As I continue the series on Christianity and Suicide, there is one question that looms heavy over many hearts. It is the often unasked question about forgivability. Can a person commit suicide and still be forgiven. This question clearly has eternal implications.
The Christian understanding is that suicide it is indeed a sin. It is most clearly a violation of the sixth commandment, “you shall not murder” [Exodus 20:13]. I will deal more with the Christian perspective on suicide in the next blog, but for now we seek the question of forgivability.
There are two common myths that affect our view of suicide as Christians: one we will call the “Roman Catholic” myth, and the other being the “Unpardonable Sin” myth. Lets take these in order.
The Roman Catholic Myth
Roman Catholic theology asserts that suicide is a sin for violating the sixth commandment. However, in the Roman Catholic Church atonement is viewed differently than Protestantism. The inclusion of the sacraments in forgiveness are the difference. In Catholic theology the baptized Catholic has the opportunity of sacramental reconciliation (contrition, confession, absolution, and satisfaction or penance). In the case of a suicide, the guilty party never has the opportunity.
The myth is that suicide leaves the guilty party without the option of receiving any sacramental atonement.
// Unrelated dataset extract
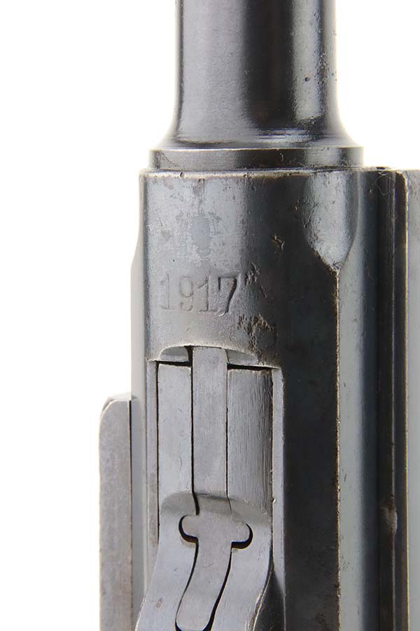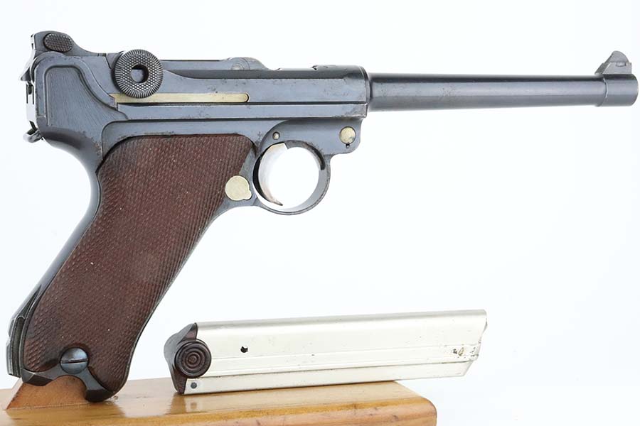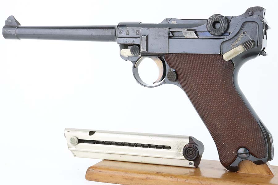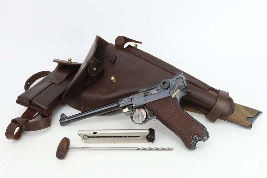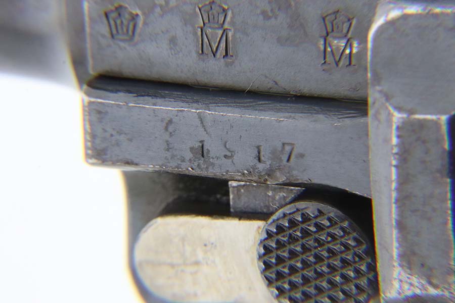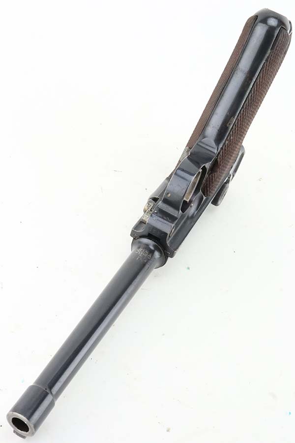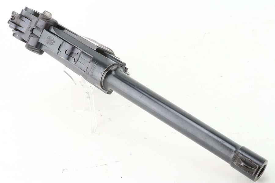 3/12/24 – This is a very nice example of a DWM Navy Luger issued to the Imperial German Navy in 1917. All matching with the proper “Crown M” Navy acceptance proofs. The gun comes as a complete rig with reproduction accessories: holster, wood stock, magazine pouch, cleaning rod, and shoulder strap. Comes with one magazine. The gun itself has retained about 97% of its original finish. While there is very little actual finish loss, there are areas of light spotty oxidation and minor pitting here and there. Fitted with matching-numbered wood grips. Excellent bore with great rifling.
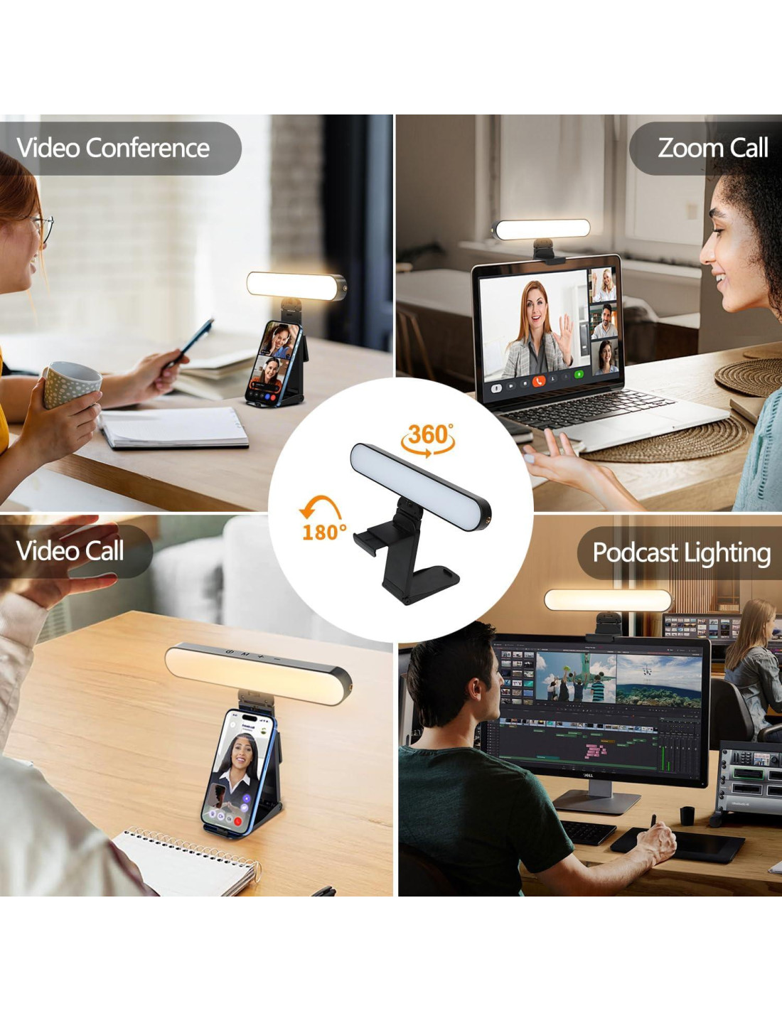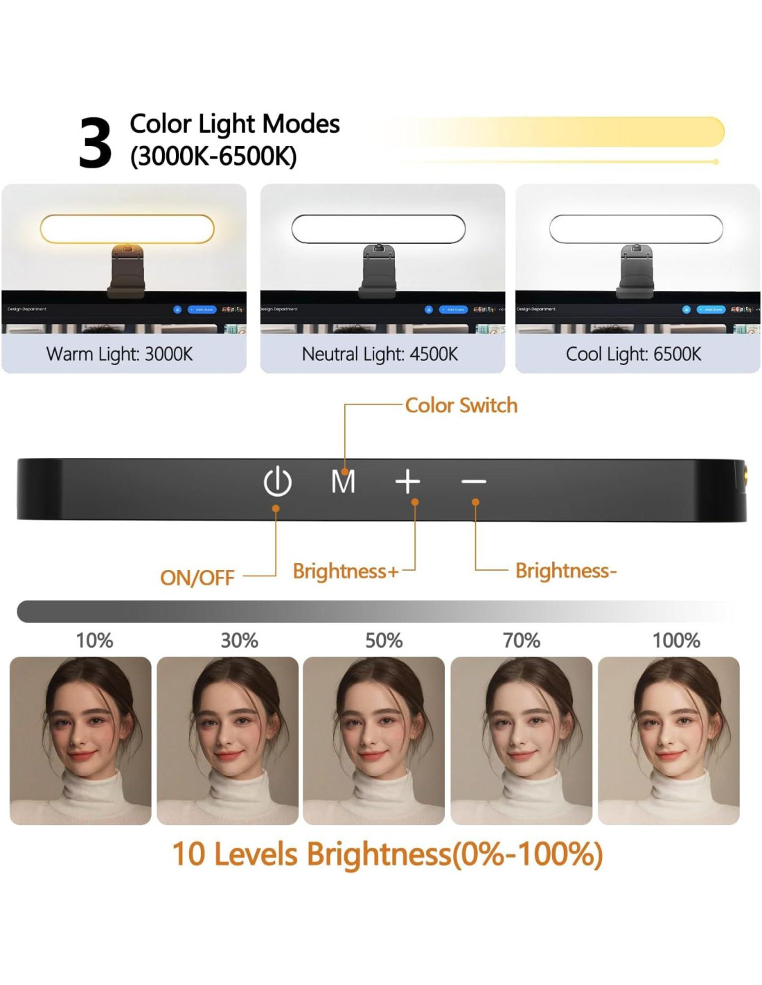 - [3 Modos de Color y 10 Niveles de Brillo] Nuestra luz para computadora portátil para conferencias de video adopta tecnología de protección ocular, la luz es suave y natural. La luz para computadora para reuniones de zoom proporciona 3 modos de color y 10 niveles de brillo, puedes ajustar la luz de video según el entorno. No importa dónde estés, esta iluminación para computadora para conferencias de video puede presentarte perfectamente

However, the Catholic catechism states something very different, “We should not despair of the eternal salvation of persons who have taken their own lives. By ways known to him alone, God can provide the opportunity for salutary repentance.” [Catechism of the Catholic Church #2283] The same catechism seeks for those who are left behind to pray for the deceased. Clearly the Roman Catholic view leaves room for hope, even if there is no assurance of pardon. However, to stay on point, the myth that forgiveness is not possible is false.
The Unpardonable Sin Myth
This myth, regarding the “unpardonable sin”, is about a phrase used twice by Jesus himself. The two passages are Matthew 12 and Mark 3.
The myth is that suicide is the “unpardonable sin” and is therefore not forgivable according to Jesus.
I would guess that this myth is propagated by those who believe the first myth. In both the passages mentioned above, the authors recount a story where the religious leaders accuse Jesus of being possessed because he has power to cast out demons. The unpardonable sin, as quoted by Jesus in both records, is “blasphemy of the Holy Spirit.” This topic itself deserves its own blog, but suffice to say that a quick reading of both passages eliminates suicide from being the “unpardonable sin” as it is defined by Jesus.
However, Jesus says something very relevant to this conversation:
“Truly, I say to you, all sins will be forgiven the children of man, and whatever blasphemies they utter, but whoever blasphemes against the Holy Spirit never has forgiveness, but is guilty of an eternal sin”—for they were saying, “He has an unclean spirit.” Mark 3:28-30 ESV
If we can agree that suicide is sin, and that the Bible is authority on God’s forgiveness, we can address the issue quite easily. If you read the above passages on the “unpardonable sin”, and came to the conclusion (as I have) that suicide is not it, than you already have your answer. In Jesus own words he tells us, “all sins will be forgiven the children of man” with the one exception that doesn’t relate here.
Consider some of the people in Scripture who were guilty of murder. Moses murdered an Egyptian man, David had a man killed to cover up his adulterous affair with Bathsheba, and Saul (Paul the Apostle) oversaw the death of at least Stephen, and potentially many more. All of these men were forgiven, and even greatly used by God.
Often those who point to suicide as being not forgivable quote the numerous scriptures about repentance of sin. Though this is a good point, remember that repentance is the call to those who are alive. Each one of us will die guilty of unrepentant sin. Note what John says in his epistle:
If we say we have no sin, we deceive ourselves, and the truth is not in us. If we confess our sins, he is faithful and just to forgive us our sins and to cleanse us from all unrighteousness. If we say we have not sinned, we make him a liar, and his word is not in us. [1 John 1:8-10 ESV]
We are all sinful and forgiven at the same time. Martin Luther, the great German Reformer coined the phrase simul justus et peccator (at the same time righteous and sinful). We will all die with some unconfessed, and unrepentant sin.
One more thought...
Just because something is potentially forgivable by God, does not make it acceptable with God. To take your own life is to assert your own authority over the life God has given you (this is the topic of the next blog post).
Clearly any form of murder is sin. Paul, in his letter to the Romans, asks a rhetorical question about continuing to sin because we are forgiven. His answer is, “By no means!” [Romans 6:1-2]
"He [Christ] died for me. He made His righteousness mine and made my sin His own; and if He made my sin His own, then I do not have it, and I am free."